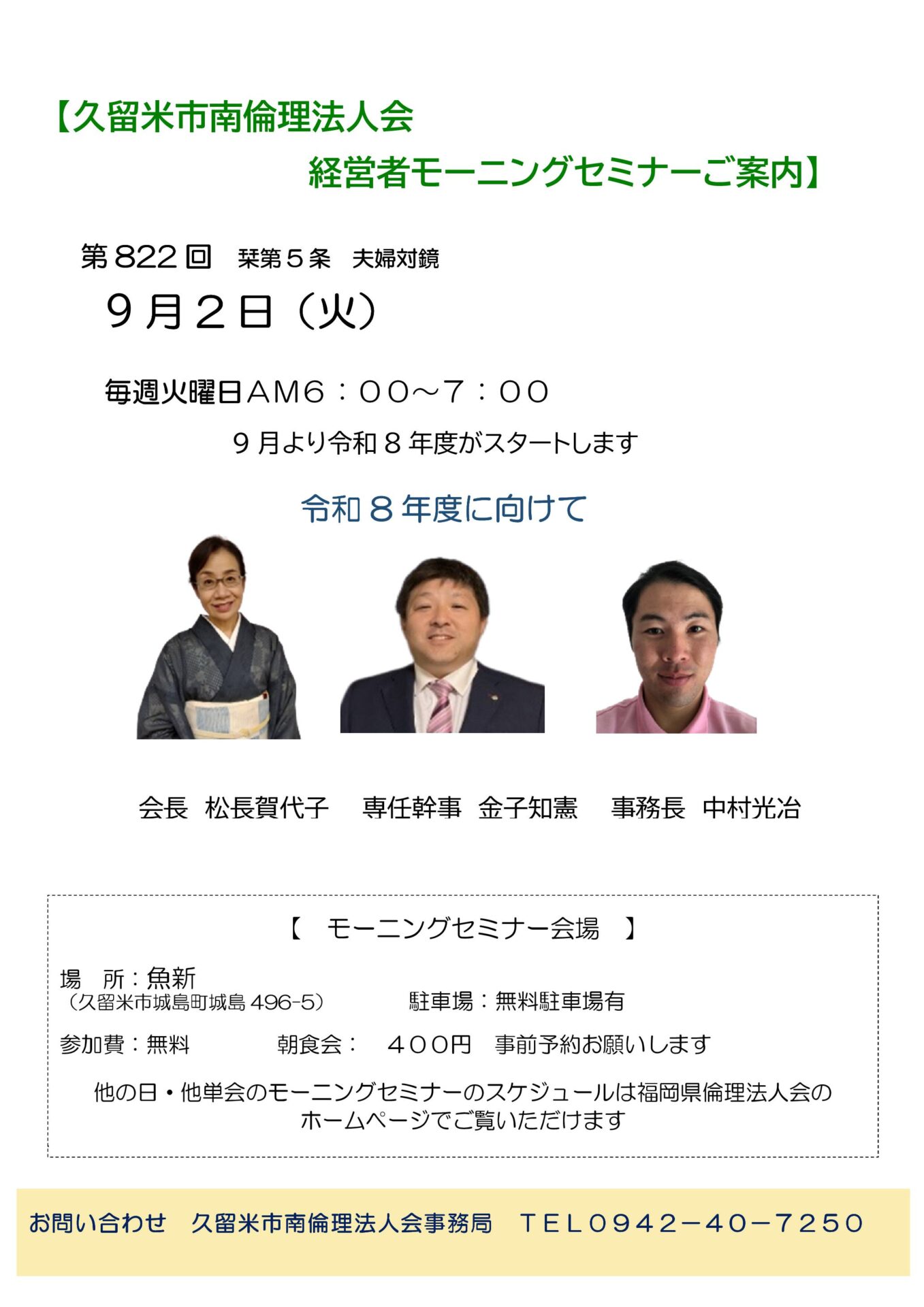 第822回 久留米市南倫理法人会 三役 スピーチ
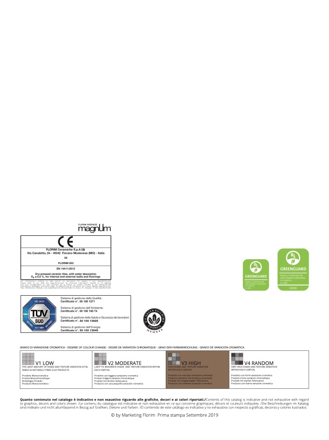 Per informazioni relative ai dati tecnici su marcatura CE vedere il sito www.florim.co
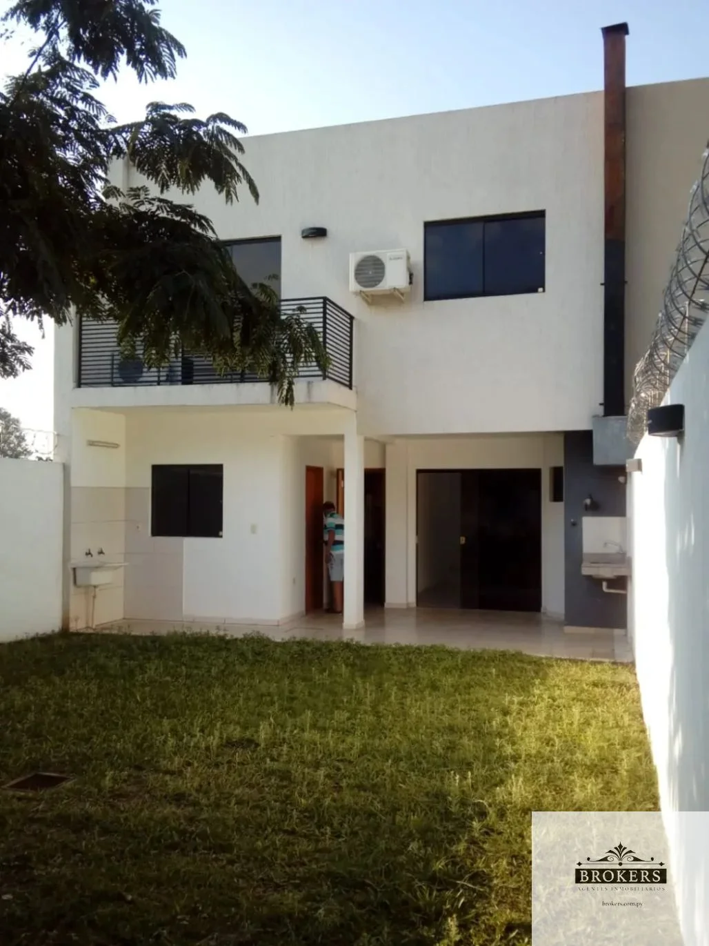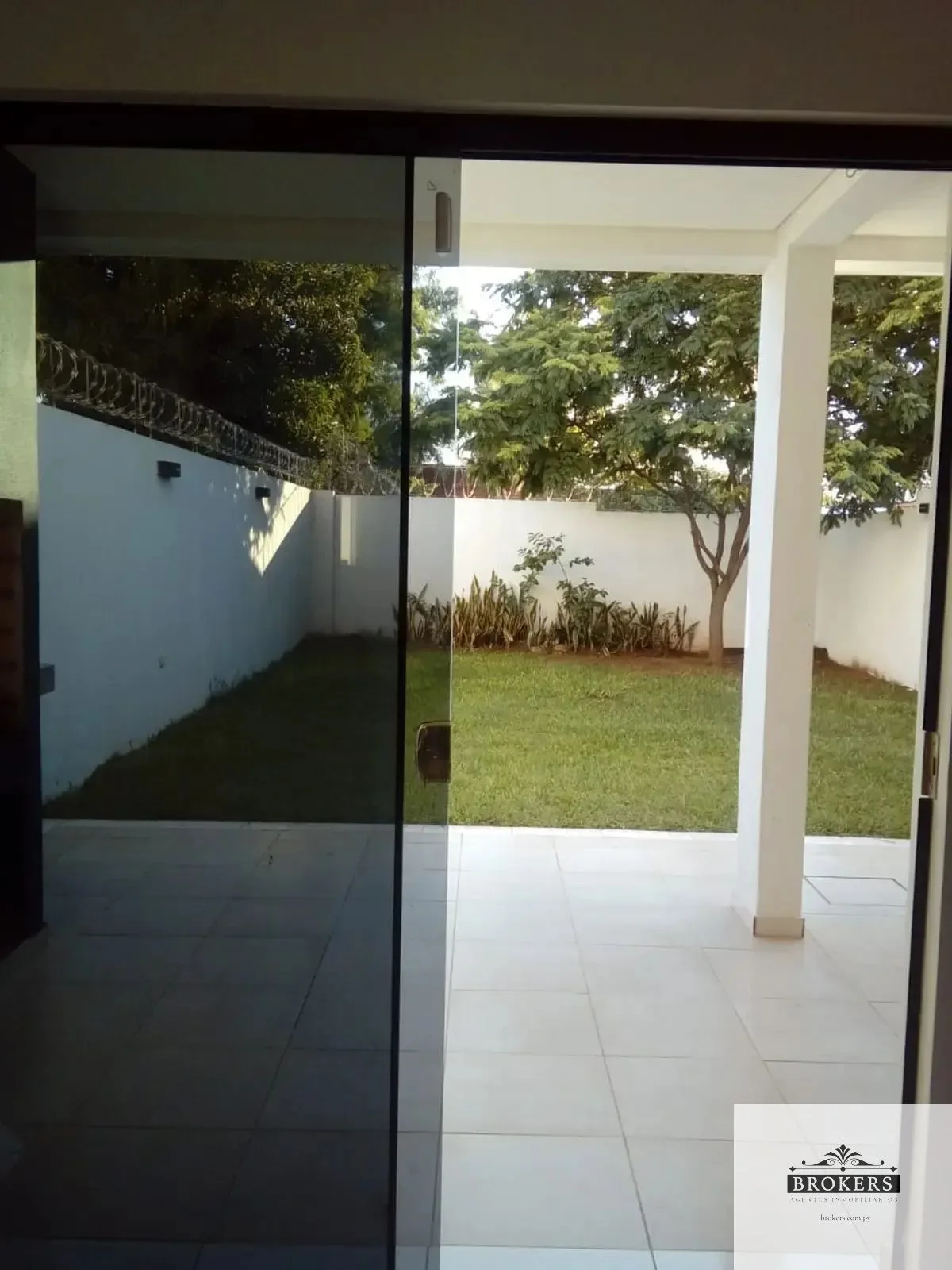 Jardín empastado atrás y al frente.
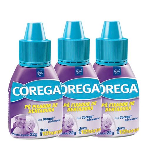 Corega Pó Fixador oferece mais conforto, garantindo uma fixação perfeita das próteses dentárias por até 12 horas. Formulado sem zinco e prático, pode ser utilizado diariamente, proporcionando uma sensação de segurança e bem-estar. Embalagem econômica com 3 unidades.
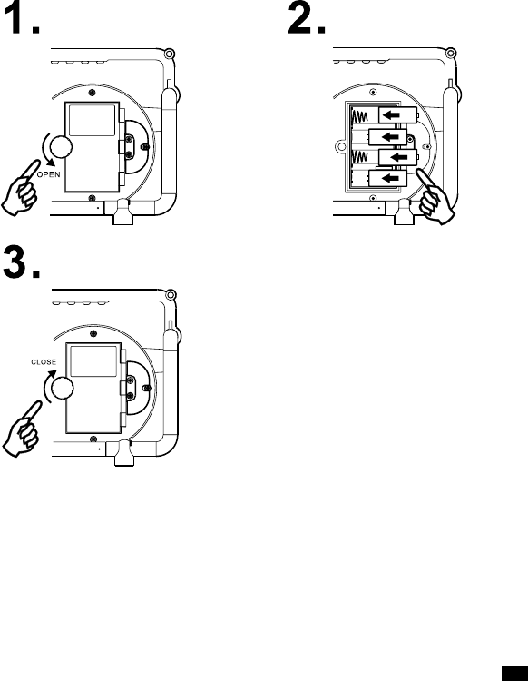 1. Installation af batterier: drej først batteridækslets låg mod uret for at
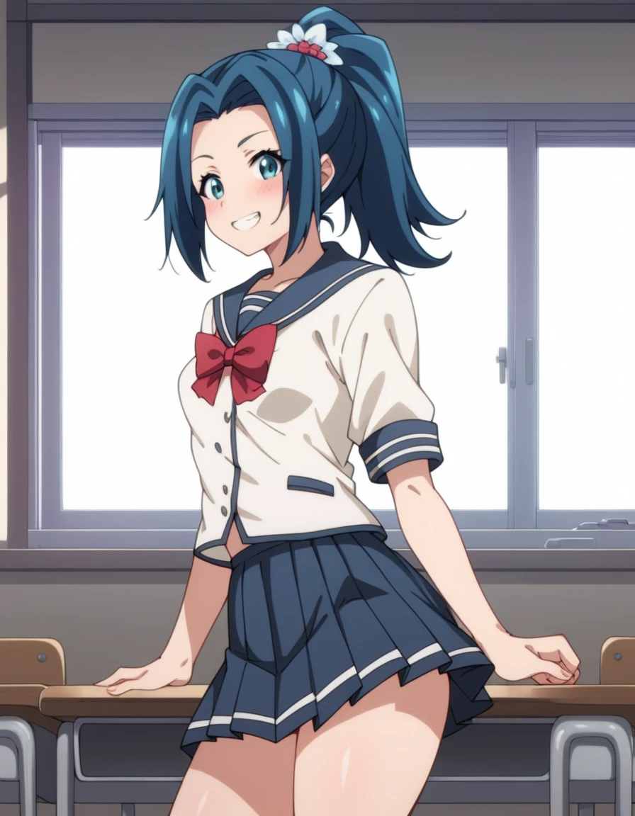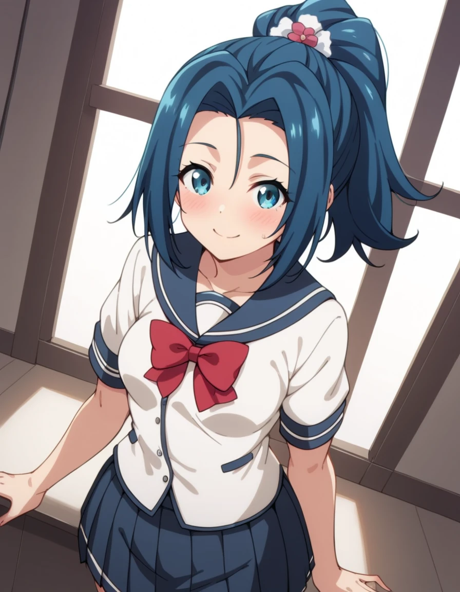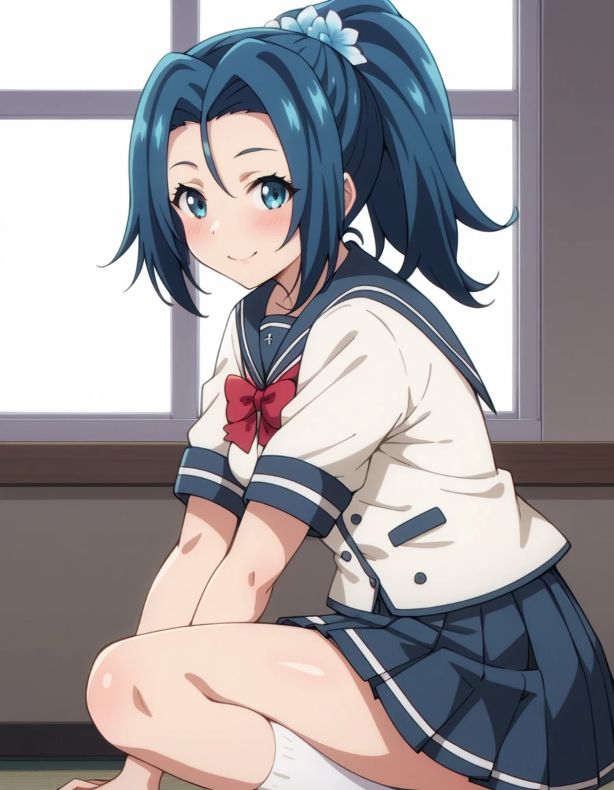 HinaHanetachi, blue eyes, blue hair, ponytail, hair ornament, hair flower, medium-small breasts,
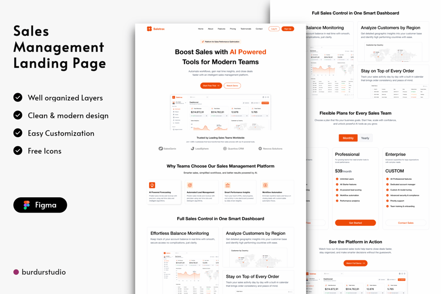 **适用于 B2B 销售团队的极简销售管理登陆页面模板**

## About this exercise
Each entry above has to be set down again verbatim, except for its pictures.

## Answer area
 第822回 久留米市南倫理法人会 三役 スピーチ
 Per informazioni relative ai dati tecnici su marcatura CE vedere il sito www.florim.co
 Jardín empastado atrás y al frente.
 Corega Pó Fixador oferece mais conforto, garantindo uma fixação perfeita das próteses dentárias por até 12 horas. Formulado sem zinco e prático, pode ser utilizado diariamente, proporcionando uma sensação de segurança e bem-estar. Embalagem econômica com 3 unidades.
 1. Installation af batterier: drej først batteridækslets låg mod uret for at
 HinaHanetachi, blue eyes, blue hair, ponytail, hair ornament, hair flower, medium-small breasts,
 **适用于 B2B 销售团队的极简销售管理登陆页面模板**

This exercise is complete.